Behavioural scientist Allan Parker is speaking on his mobile phone from a busy intersection in Sydney and mentally singling out vehicles as they pass by.
He is building an inventory of waste.
“There’s four and five seater cars going past with just one person in them,” he says, wondering aloud.
“We seriously need to rethink what we are doing here,” says the man who has had this very conversation on many intersections, in many metropolises across the world.
Mr Parker speaks of using the 24-hour clock instead of 12 hours, questioning the very fundamentals of down time, not for people, but for the infrastructure people have already built that sits, lights off and locked up, for at least half of each day.
“We can use our infrastructure better to immediately improve our profit margins,” he said, with the sound of passing traffic underlining his initial rational statement.
“What we are doing without questioning these scenarios is not a sustainable use of resources, we need to start thinking about integrated businesses. What are the activities that can begin when another ends?” he said.

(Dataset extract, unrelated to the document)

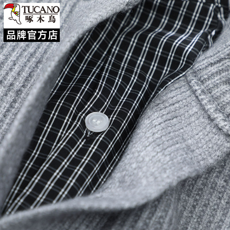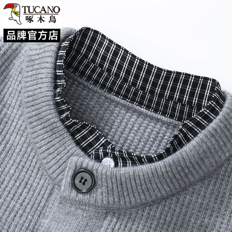 啄木鸟红色假两件针织开衫男秋冬圆领纽扣本命年毛衣外套高级感潮

As the Armidale Q&A forum progressed Mr Parker took notes of key words and recurring themes that presented themselves among both panelists and speakers from the floor.
These he will use to help forge common ground and highlight principles that people already agree on, but perhaps haven’t yet realised how in agreeance they are.

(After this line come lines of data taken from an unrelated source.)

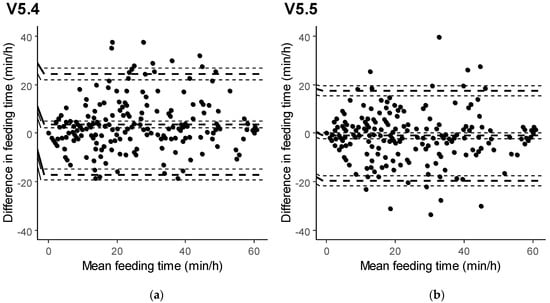 Agreement between the sensor measurements and human observations of feeding time, displayed in Bland–Altman plots (dashed lines indicate bias, upper and lower limits of agreement, each with 95% CI) for software versions 5.4 (a) and 5.5 (b).
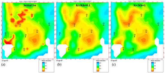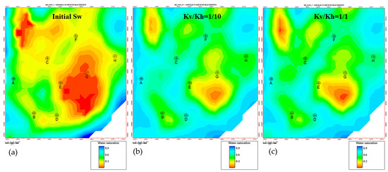 Petrophysical models of water saturation of porous LHS-LD reservoir: before the start of production (a) and at the end of production with (b) Kv/Kh = 0.1 and (c) Kv/Kh = 1. Red, orange, and yellow colors indicate the areas of remaining oil.
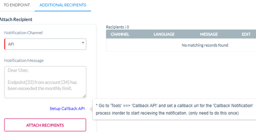 Notification Channel | Select the channel through which the notification needs to be sent. Note: Email and API is applicable only for Additional recipients |
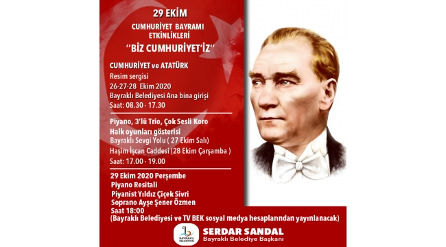 EGEOLAY/Bayraklı Belediyesi, 29 Ekim Cumhuriyet Bayramı'nın 97'nci yıl dönümüne özel program hazırladı. 3 farklı noktada gerçekleştirilecek etkinliklerde Cumhuriyet ve Atatürk konulu resim sergisi, müzik dinletileri, çok sesli koro konseri ve halk oyunları ekibinin gösterileri cumhuriyet coşkusuna renk katacak.

It is the same principles he uses in schools in western NSW, or among divided representatives of the international community when it comes to negotiating change and leadership to facilitate “sensitive conversations”.
Already, he said, he believed people from the forum were thinking differently about the question: Where to from here?
“This is part of a really important process.”
Already discussions are underway for some Armidale participants to regroup and continue discussion methods of helping to revitalise regional communities.
Judging from the enthusiasm and determination from a compulsive scientist, we have not heard the last from Mr Parker.